#### PROMPT:
Which lines run from the one with "J A高知県安芸地区安芸支部" through the end of the data? Retype them exactly, without pictures.
** DATA FOR ANALYSIS follows **
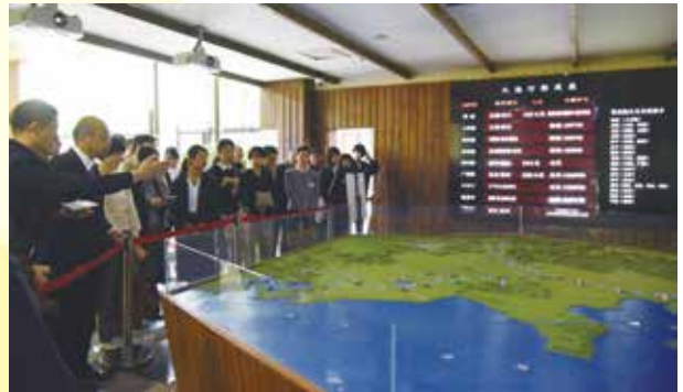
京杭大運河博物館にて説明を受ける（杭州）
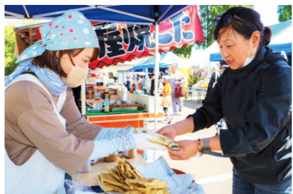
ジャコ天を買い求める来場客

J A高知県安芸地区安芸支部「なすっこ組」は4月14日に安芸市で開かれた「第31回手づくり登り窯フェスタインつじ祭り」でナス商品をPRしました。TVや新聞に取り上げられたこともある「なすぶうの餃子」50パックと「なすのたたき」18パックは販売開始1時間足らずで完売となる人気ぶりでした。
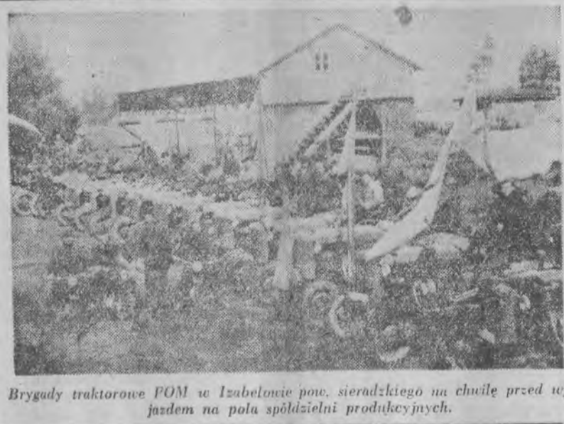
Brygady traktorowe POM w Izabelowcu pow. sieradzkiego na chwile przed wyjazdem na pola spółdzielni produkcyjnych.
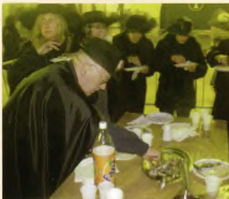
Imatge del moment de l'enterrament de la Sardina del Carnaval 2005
** End of DATA FOR ANALYSIS **
#### SOLUTION FOR THIS EXERCISE:
J A高知県安芸地区安芸支部「なすっこ組」は4月14日に安芸市で開かれた「第31回手づくり登り窯フェスタインつじ祭り」でナス商品をPRしました。TVや新聞に取り上げられたこともある「なすぶうの餃子」50パックと「なすのたたき」18パックは販売開始1時間足らずで完売となる人気ぶりでした。
Brygady traktorowe POM w Izabelowcu pow. sieradzkiego na chwile przed wyjazdem na pola spółdzielni produkcyjnych.
Imatge del moment de l'enterrament de la Sardina del Carnaval 2005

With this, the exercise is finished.